I ventured out of my artistic comfort zone this week to visit the new exhibition of John Currin paintings at Sadie Coles HQ.  Located in the part of London where you get looked down upon if you’re only driving a Rolls Royce, this is the sort of small private gallery where you have to ring a bell and then await judgment on your worthiness or otherwise for entry.    (I snuck in behind someone much cooler and much richer-looking than I.)  It goes without saying that the air of exclusivity I find so unsettling in such places is also a vital ingredient in the seduction of those with the heavier wallets and shiner credit cards.

Currin’s work has intrigued me since I came across it in Matt Collings’s This is Modern Art some years ago.  His eerie juxtaposition of fleshy, painterly nudes and their grotesque, disproportionate bodies were greater than the sum of their parts, at least in their capacity to remain memorable long after viewing.  From interviews, Currin doesn’t necessarily come across as much of a thinker, so I suspect that the spotlight he shone on media misogynism and female body dysmorphia may have been unintentional (he just likes breasts), but it’s there all the same.  Having not seen his work in the flesh before, the new exhibition certainly sounded worth a visit. 

(Note: don’t click to read more if you’re likely to be easily offended…)

The ‘progression’ in Currin’s recent work is immediately obvious: from tackling the nude to portraying pornography.  Of the dozen or so new works on display, there’s a 50\50 divide between the explicitly pornographic (i.e. depicting penetration) and those which merely hint at something sleazier taking place just out of shot.  The latter group consists mainly of female portraits, but also includes a crockery still life surely included as a joke.  The teacups are certainly so badly painted that I’d be too afraid of knocking my teeth out to use them.

The meat of the work lies in confronting low-brow lust lifted from mass media and painstakingly downloaded in oils.  There’s certainly a small frisson of tension in recognising the texture of the canvas seeping through an image that would more typically be depicted in Ben Day dots or – as is now more likely of course – a primordial swamp of pixels.


As a single trick though, that tension wears off pretty quickly.  Hosted in the Royal Academy instead, well, that would have been something (not least alongside Cranach).  But behind frosted glass for a self-selecting audience of permissive liberals\art fashionistas?  Well, so what? 

That’s not to say the works aren’t well executed – for the most part they are, although I would say most only look 90% complete.  And there’s certainly a market for them – I have little doubt they’ll sell like hot cakes.  It’s just that for all the affected incongruity of gold chains, blue mammarial veins and thick Jamie Oliver tongues, what have I learnt?  Yes, pornography seems as valid an artistic concern as any other in our age; maybe even more so given the unique influence the internet has had on an age old form and function.  But if you were after a thought-provoking exploration of the subject, then I just hope you didn’t miss the Barbican’s Seduced when it was around.

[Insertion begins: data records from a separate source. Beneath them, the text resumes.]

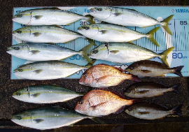 メーター級のブリやヒラマサが釣れてい るとの情報で調査に行きました。アジを 泳がせて釣れたのは75cmのヒラマサ でした。 |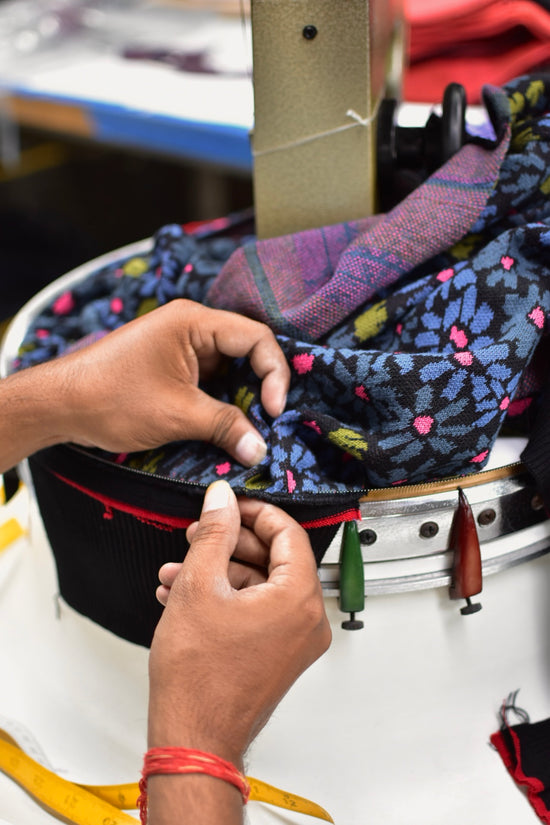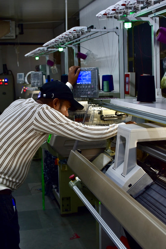 Once the yarn is ready, it’s loaded onto state-of-the-art Japanese Knitting machines that knit the printed panels. These automated machines run with precision, overseen by a skilled team who monitor every detail.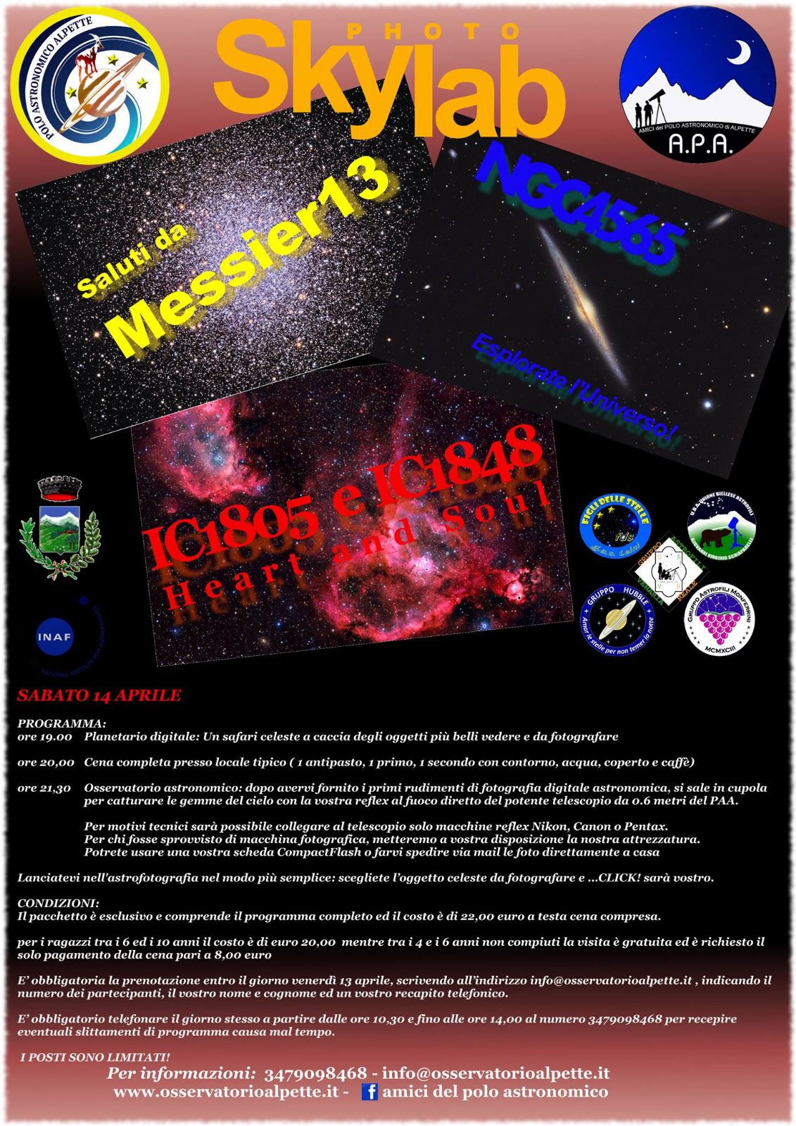 E’ obbligatoria la prenotazione entro il giorno venerdì 13 aprile, scrivendo all’indirizzo info@osservatorioalpette.it , indicando il numero dei partecipanti, il vostro nome e cognome ed un vostro recapito telefonico.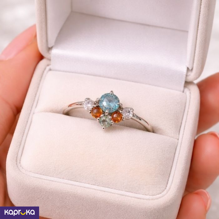 A delicate and elegant ring crafted from high-quality 925 sterling silver, featuring a beautiful arrangement of natural multi-color semi-precious gemstones. Designed to add a subtle yet vibrant touch to your everyday style.

These works are set in an unidentifiable (and insignificant) era of bad fashion, be it the 1970s, early ’90s or the late 2020s, and the strange air of almost-nostalgia that imparts leads to a telling realisation.  This has all been done before – with both sharper bite and warmer humanity – in the film Boogie NightsUltimately, I guess an artist has to make a living too and this batch of works will no doubt keep some bread on the Currin family table.  But when even the artist himself seems to lose interest in his work away from the, ahem, action areas, you’re simply left wondering: so, what’s the point?